НГ: Ну, а не жалко, что польский-то все-таки знаешь, а как-то нигде он не пригождается?
И: Нет. Мне не жалко (пауза). Мне его, как бы… Ну, уже, слова уже не такие, какие должны быть, польские то есть, искаженные в десять раз.
НГ: А ты откуда знаешь?
И: Ну, у нас преподают польский. Как дома разговариваем – совсем не так, не чисто (усмехается) (ж, 1989, ПФ3-2005).
Молодой человек, поступивший в польский ВУЗ, положительно оценивал тот факт, что никогда не говорил дома по-польски, так как к вступительным экзаменам ему проще было выучить литературный польский язык.
«… На следующий день пришел на собеседование. Всех по полчаса и даже больше держали. Одну девушку там два раза вызывали. А мне помогло, может, то, что… Здесь, допустим, в Вершине я никогда по-польски не разговаривал. Это вот сейчас в последнее время начал, когда уже знал, что поступаю в Польшу и всё такое. Даже вот Света с Леной тоже стараются здесь на польском не разговаривать.

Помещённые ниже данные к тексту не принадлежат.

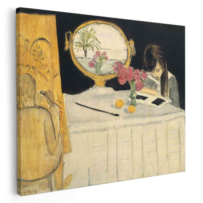 Immerse yourself in the vibrant world of Henri Matisse's captivating painting, "The Painting Lesson." Created in 1919 during the artist's transformative "Fauve" period, this masterpiece showcases Matisse's revolutionary approach to color and form, now brought to life on high-quality canvas for your viewing pleasure.

Почему – потому, что на диалекте здесь говорят, привыкаешь к этому языку, потом сложно в Польше перейти на чисто польский язык. Ну, а там больше с отцом Игнацием. У отца Игнация постоянно какие-то гости, друзья с Польши, запоминал, сидел, даже разговаривали. Вот. 10 минут - и меня отпустили сразу» (м, 1987, ПФ9-2005).
Учительница польского языка считает своим долгом объяснять детям в школе, что «не нужно стыдиться или стесняться» того, как они говорят по-польски с родителями, что их домашний язык тоже имеет право на существование. Но детям, считает она, сложно понять, что существует литературный язык и диалект. Они слышат, как говорят приезжие поляки и осознают, что сами разговаривают по-другому, делая иногда из этого вывод, что не умеют говорить по-польски. Она приводит характерный пример, рассказывая о мальчике, который слышит и понимает обращенный к нему по-польски вопрос, отвечает на польском же языке, что не умеет говорить по-польски.

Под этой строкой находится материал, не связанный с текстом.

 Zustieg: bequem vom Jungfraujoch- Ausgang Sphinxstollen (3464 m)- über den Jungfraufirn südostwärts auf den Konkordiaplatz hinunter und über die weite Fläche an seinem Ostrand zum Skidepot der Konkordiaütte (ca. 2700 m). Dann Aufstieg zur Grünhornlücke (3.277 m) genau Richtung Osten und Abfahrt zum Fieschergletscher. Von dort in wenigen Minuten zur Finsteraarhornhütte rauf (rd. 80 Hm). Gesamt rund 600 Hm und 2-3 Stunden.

Местные жители не польского происхождения также считают язык вершининских поляков «смешанным» и «искаженным». Главный довод здесь – его «понятность». Они реагируют на то, что сближает этот язык с русским. «Ну, они говорят на польском. Но получается так, что он за практически сто лет несколько так изменился. Он понятный, совершенно понятный язык. Ну, некоторые там слова, типа таких вот междометий, непонятно, что они там означают. А в основном-то, все эти обиходные слова, они совпадают с украинским, с русским. И можно сказать, ассимилировался этот язык. Уже своеобразный наш вершининский диалект создался» (ж, 1960, ПФ8-2005).

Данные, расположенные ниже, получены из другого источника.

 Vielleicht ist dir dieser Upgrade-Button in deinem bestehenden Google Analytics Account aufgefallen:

Любопытно, однако, сравнить, как реагируют на польский язык в Вершине в терминах «понятности – не понятности» русская информантка, прожившая в Вершине 15 лет, и ее мать, приехавшая сюда два года назад. Первая «всё понимает, хотя и разговаривает только по-русски», а вторая утверждает, что «не понимает ни грамма». На мой уточняющий вопрос, «Непонятно говорят?», дочь отвечает: «Понятно», а мать возражает: «Нет, я сколько хожу к соседям, как начнут, я даже и понятия никакого не имею – чё они говорят, о чем говорят» (ж, 1971; ж, 1940, ПФ5-2005).
Возможно, в этом примере действует эффект времени. В повседневной речи информантки, прожившей в Вершине 15 лет, наверняка уже есть много польских слов, которые она не воспринимает как таковые. В речи же поляков, которую она постоянно слышит, много русских слов. За счет такого «обмена» узнаваемость языка повышается, растет ощущение, что нет особой разницы между «их польским» и «нашим русским».
Таким образом, польский язык в Вершине является для его носителей средством «контрастивного самосознания» - они чувствуют свое единство и одновременно свое отличие от других людей, не говорящих на их языке. Прежде всего, этими другими выступают местные русские, буряты, татары, украинцы, которые с уважением и одобрением относятся к тому факту, что вершининские поляки «сохранили свой язык». Сами вершининцы не рассуждают в категориях «борьбы за сохранение языка». Их польский язык не является для них «знаменем», символизирующим победу в подобной борьбе. Они просто разговаривают так, как привыкли, выбирая в зависимости от обстоятельств тот идиом, который считают наиболее удобным.
Ситуация взаимодействия «вершининские поляки – поляки из Польши» представляется более сложной. С одной стороны, те и другие ощущают свою принадлежность к одной группе «поляков», и для приезжающих главным подтверждением этого единства является именно польский язык жителей Вершины. С другой стороны, местные поляки осознают свое отличие от приезжих, отталкиваясь, прежде всего, от различий между «своим» и «их» польским языком. Если в контексте взаимодействия с местными русскоязычными оппозиция осознается четко («мы – поляки, они – не поляки»), то ситуация с «польскими поляками» менее однозначна. «Они» - поляки, но и «мы» - тоже поляки, тем не менее, «мы» говорим не так, как «они». В связи с этим появляется ощущение неполноценности своего польского языка, и в то же самое время высказывается мнение, что он превращается уже в отдельный местный язык.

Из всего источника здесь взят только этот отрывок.